* Supplied data:
______

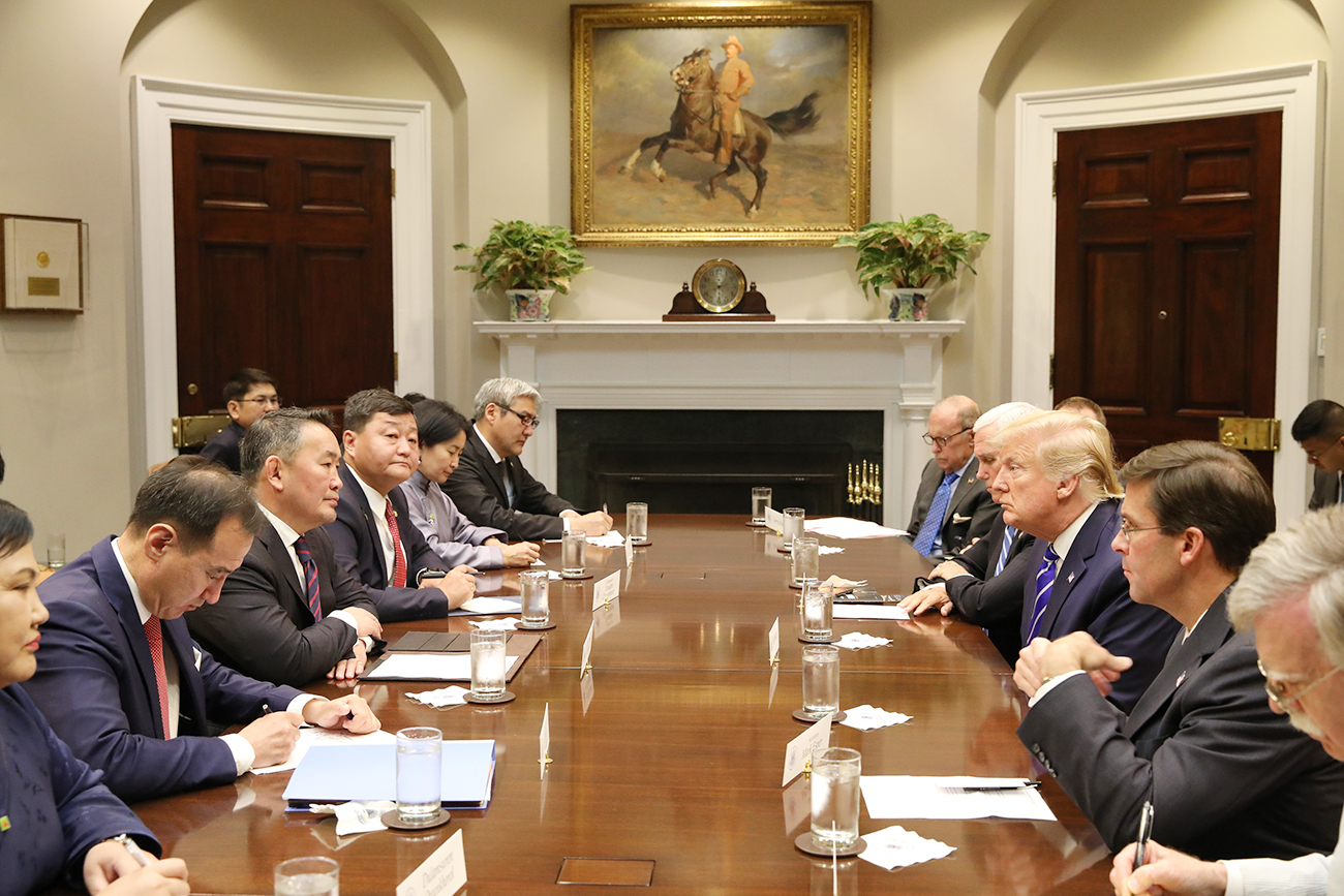 Монгол Улсын Ерөнхийлөгч Х.Баттулга, АНУ-ын Ерөнхийлөгч Доналд Трамп нар долоодугаар сарын 31-ний өдөр Цагаан ордонд албан ёсны хэлэлцээ хийлээ.
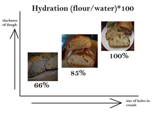 1. Hydration – Ratio of flour to water measured by weight; ranges from sandwich breads at 66% to french baguettes at 85% to quick breads at 100%.
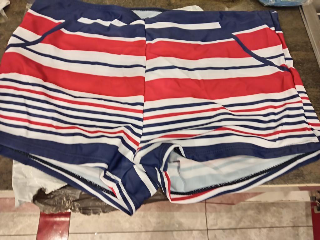 It's sewn very strangely, the stripes in the front don't match. That makes the swimming trunks look bad. The top is normal.

______

Set down, word for word, the full listing above, and carry over no pictures.

* Answer box:
 Монгол Улсын Ерөнхийлөгч Х.Баттулга, АНУ-ын Ерөнхийлөгч Доналд Трамп нар долоодугаар сарын 31-ний өдөр Цагаан ордонд албан ёсны хэлэлцээ хийлээ.
 1. Hydration – Ratio of flour to water measured by weight; ranges from sandwich breads at 66% to french baguettes at 85% to quick breads at 100%.
 It's sewn very strangely, the stripes in the front don't match. That makes the swimming trunks look bad. The top is normal.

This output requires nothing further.